Paisley Daily Express

Thank you for the music

Your old iPods will help care home residents

- Kenneth Speirs

Paisley Rotary Club has launched an appeal that will help make life better for dementia sufferers.

Its members are asking people to look out their old iPods and hand them in to a special collection point at the YMCA in the High Street.

The music systems will then be loaded with music and given to people with dementia as part of Playlist for Life, a scheme that harnesses the power of music as a way of improving the lives of those with the condition.

Paisley Rotary Club has teamed up with its Greenock counterpar­t for the appeal, and the hope is people will have old iPods that they will look out and hand over.

Douglas Paxton, treasurer and past president of Paisley Rotary Club, told the Paisley Daily Express: “The Rotary Clubs of Paisley and Greenock are working with the health and social care and music students at West College Scotland to create a Playlist for Life for people with dementia in our local care homes.”

Music that dementia sufferers have enjoyed in their youth or younger days has been proved to be a source of comfort to them, and can help alleviate their condition and make them happier.

“People like to remember old songs – it gives them peace of mind,” Douglas added.

“The idea about the iPods came from the Greenock club, and we thought this is a good idea – why don’t we work in conjunctio­n with them?”

The Playlist for Life organisati­on says personal music can improve life not just for people with dementia, but also their families and carers.

It wants to use the power of music to help so that if someone develops dementia, they or their loved ones already know that music can be a lifeline.

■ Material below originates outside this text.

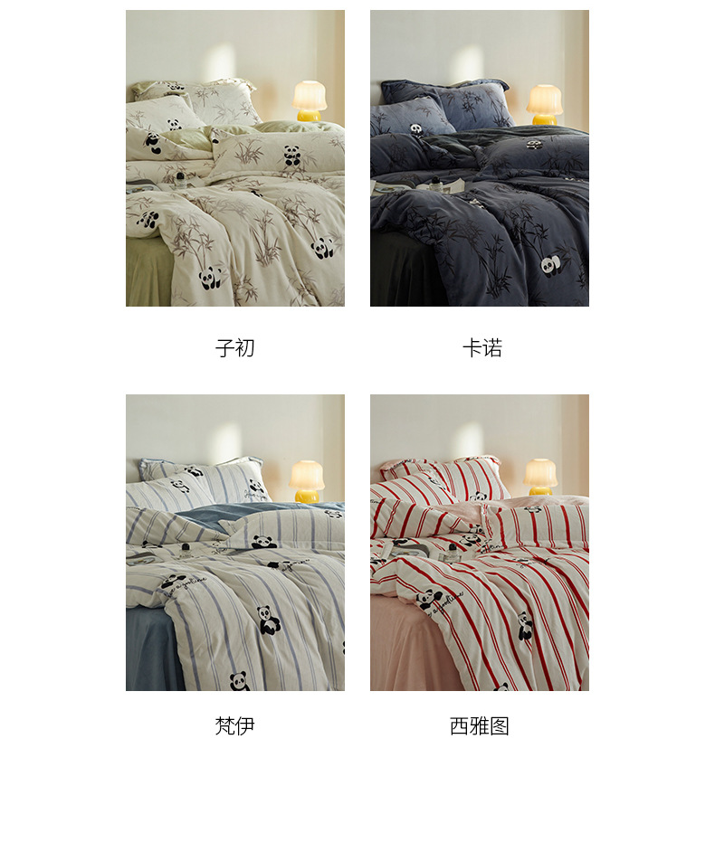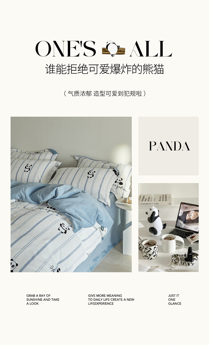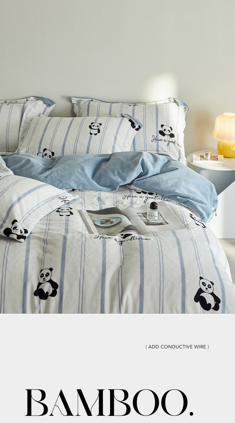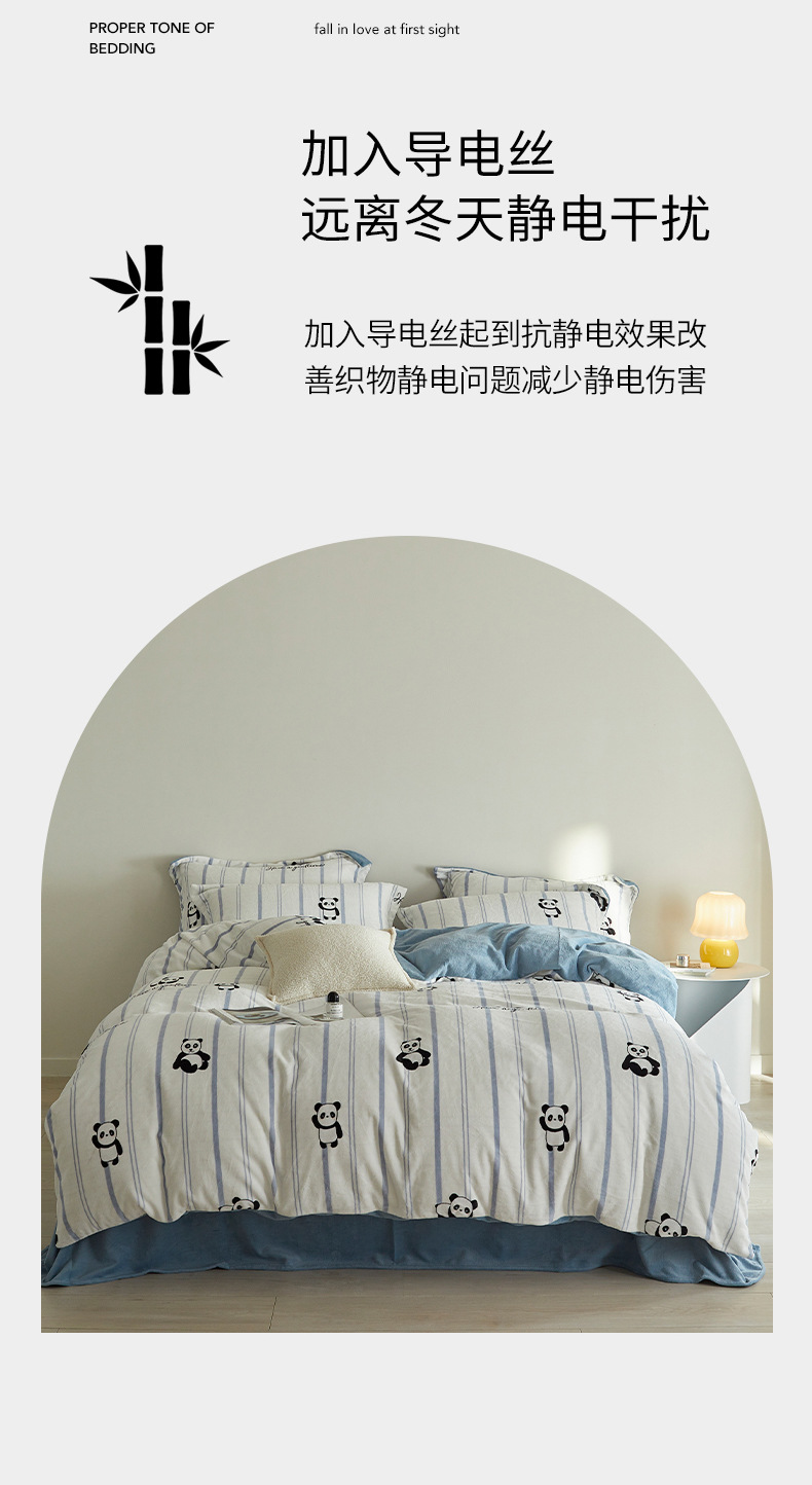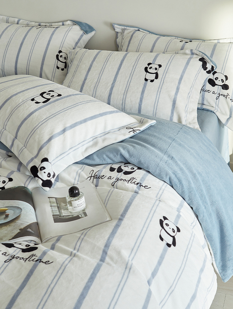 A类【国风熊猫床上四件套】锦芙绒牛奶绒 加厚保暖 冬季珊瑚绒床单被套

As revealed in the Paisley Daily Express, broadcaste­r Sally Magnusson is the chairman and founder of Playlist for Life.

And Erskine resident Jessie Adams, 82, was one of the first to try out the new service at the home for ex- servicemen and women.

Erskine was awarded a grant from the Armed Forces Covenant Fund for a six-month pilot project of Playlist for Life.

Sally also wrote movingly about her late mother Mamie’s life with dementia in Where Memories Go: Why Dementia Changes Everything.

 If you have an old iPod, then simply drop it in at the YMCA, 39 High Street, Paisley.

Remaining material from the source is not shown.